Data points processed each week
Reduction in processing time
In operations through workflow automation
Fulfilling Wood Mackenzie’s mission, the Lens product is a data analytics platform built to deliver insights at key decision points for customers in the energy sector. Feeding into Lens are vast amounts of data collected from various data sources and sensors used to monitor energy creation, oil and gas production, and more. Those data sources update about 12 billion data points every week that must be ingested, cleaned and processed as part of the input for the Lens platform. Yanyan Wu, Vice President of Data at Wood Mackenzie, manages a team of big data professionals that build and maintain the ETL pipeline that provides input data for Lens. The team is leveraging the Databricks Lakehouse Platform and uses Apache Spark™ for parallel processing, which provides greater performance and scalability benefits compared to an earlier single-node system working sequentially. “We saw a reduction of 80-90% in data processing time, which results in us providing our clients with more up-to-date, more complete and more accurate data,” says Wu.
The data pipeline managed by the team includes several stages for standardizing and cleaning raw data, which can be structured or unstructured and may be in the form of PDFs or even handwritten notes.
Different members of the data team are responsible for different parts of the pipeline, and there is a dependency between the processing stages each team member owns. Using Databricks Workflows, the team defined a common workstream that the entire team uses. Each stage of the pipeline is implemented in a Python notebook, which is run as a job in the main workflow.
Each team member can now see exactly what code is running on each stage, making it easy to find the cause of the issue. Knowing who owns the part of the pipeline that originated the problem makes fixing issues much faster. “Without a common workflow, different members of the team would run their notebooks independently, not knowing that failure in their run affected stages downstream,” says Meng Zhang, Principal Data Analyst at Wood Mackenzie. “When trying to rerun notebooks, it was hard to tell which notebook version was initially run and the latest version to use.”

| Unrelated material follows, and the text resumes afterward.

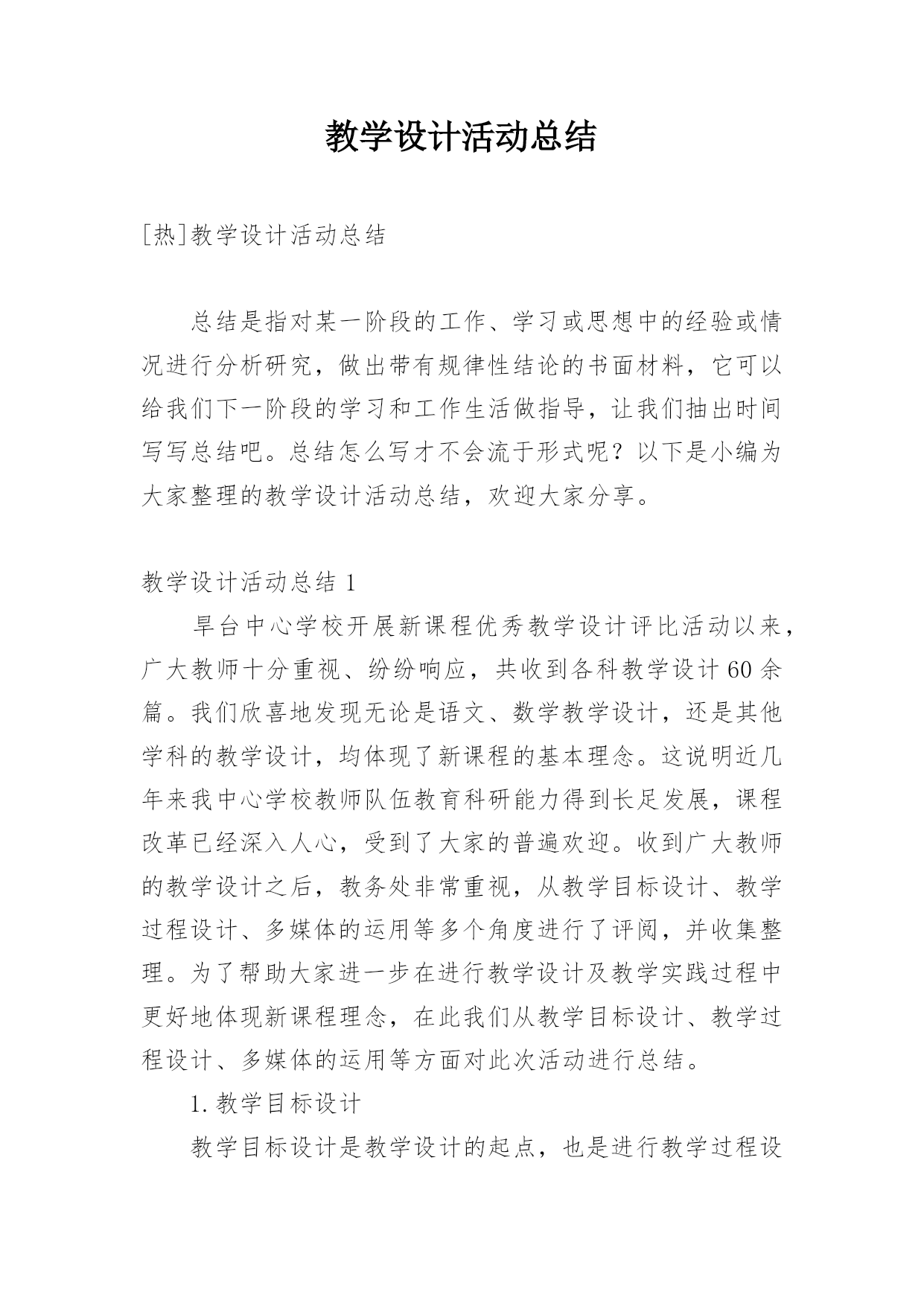 教学设计活动总结[热]教学设计活动总结总结是指对某一阶段的工作、学习或思想中的经验或情况进行分析研究,做出带有规律性结论的书面材料,它可以给我们下一阶段的学习和工作生活做指导,让我们抽出时间写写总结吧。总结怎么写才不会流于形式呢?以下是小编为大家整理的教学设计活动总结,欢迎大家分享。教学设计活动总结1旱台中心学校开展新课程优秀教学设计评比活动以来,广大教师十分重视、纷纷响应,共收到各科教学设计60余篇。我们欣喜地发现无论是语文、数学教学设计,还是其他学科的教学设计,均体现了新课程的基本理念。这说明近几年来

Using Workflows’ alerting capabilities to notify the team when a workflow task fails ensures everyone knows a failure occurred and allows the team to work together to resolve the issue quickly. The definition of a common workflow created consistency and transparency that made collaboration easier. “Using Databricks Workflows allowed us to encourage collaboration and break up the walls between different stages of the process,” explains Wu. “It allowed us all to speak the same language.”
Creating transparency and consistency is not the only advantage the team saw. Using Workflows to automate notebook runs also led to cost savings compared to running interactive notebooks manually.

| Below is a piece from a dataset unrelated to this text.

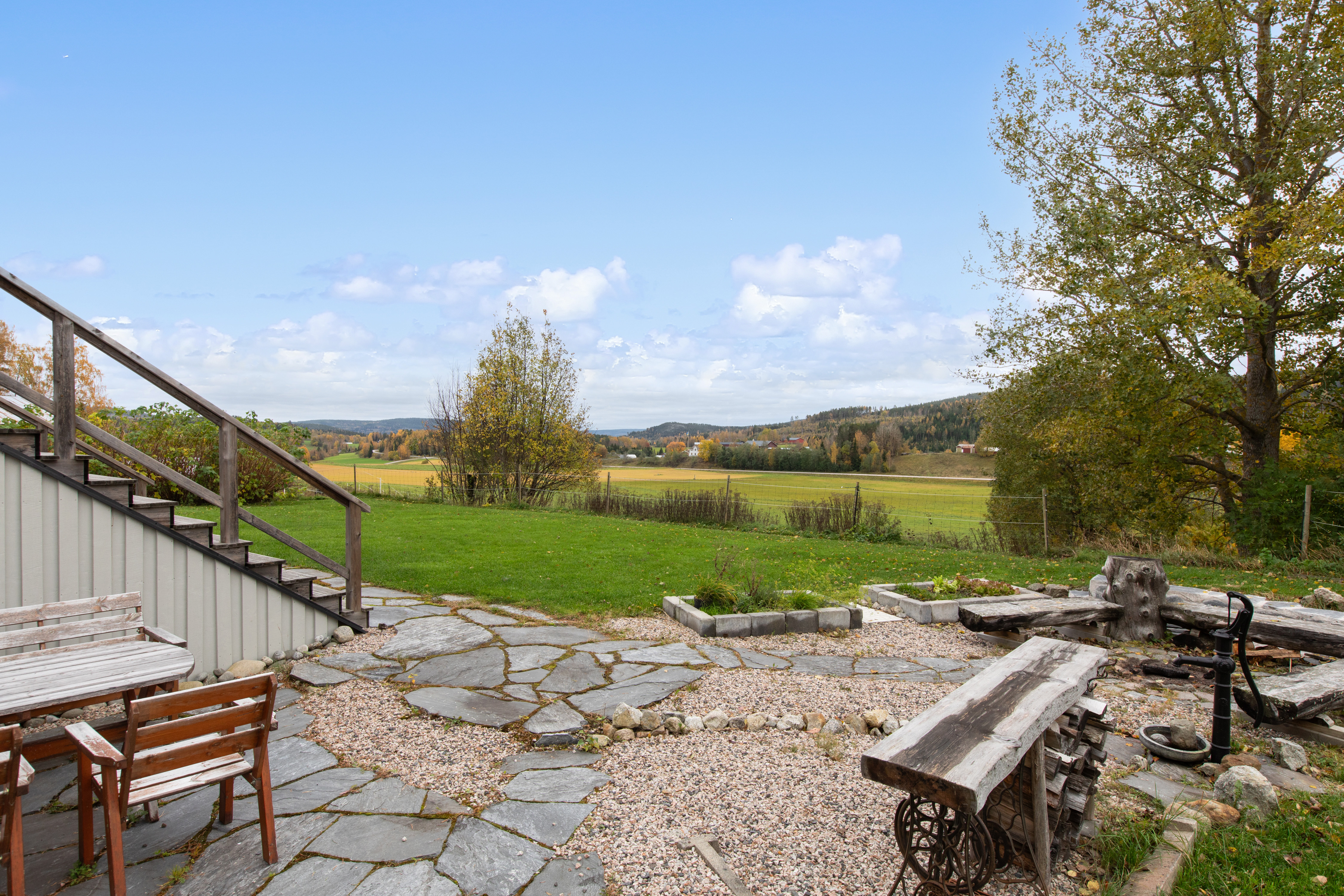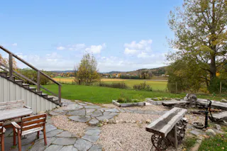 Fin uteplats/grillplats på nedsidan huset med hagar runt om.

The team’s ETL pipeline development process involves iteration on PySpark notebooks. Leveraging interactive notebooks in the Databricks UI makes it easy for data professionals on the team to manually develop and test a notebook. Because Databricks Workflows supports running notebooks as task type (along with Python files, JAR files and other types), when the code is ready for production, it’s easy and cost effective to automate it by adding it to a workflow. The workflow can then be easily revised by adding or removing any steps to or from the defined flow. This way of working keeps the benefit of manually developing notebooks with the interactive notebook UI while leveraging the power of automation, which reduces potential issues that may happen when running notebooks manually.

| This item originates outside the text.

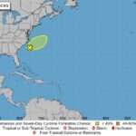 According to the NHC’s 8 am update, the area of low pressure in the Southwestern Atlantic Ocean is showing signs of organization, with thunderstorms and showers.

The team has gone even further in increasing productivity by developing a CI/CD process. “By connecting our source control code repository, we know the workflow always runs the latest code version we committed to the repo,” explains Zhang. “It’s also easy to switch to a development branch to develop a new feature, fix a bug and run a development workflow. When the code passes all tests, it is merged back to the main branch and the production workflow is automatically updated with the latest code.”
Going forward, Wood Mackenzie plans to optimize its use of Databricks Workflows to automate machine learning processes such as model training, model monitoring and handling model drift. The firm uses ML to improve its data quality and extract insights to provide more value to its clients. “Our mission is to transform how we power the planet,” Wu says. “Our clients in the energy sector need data, consulting services and research to achieve that transformation. Databricks Workflows gives us the speed and flexibility to deliver the insights our clients need.”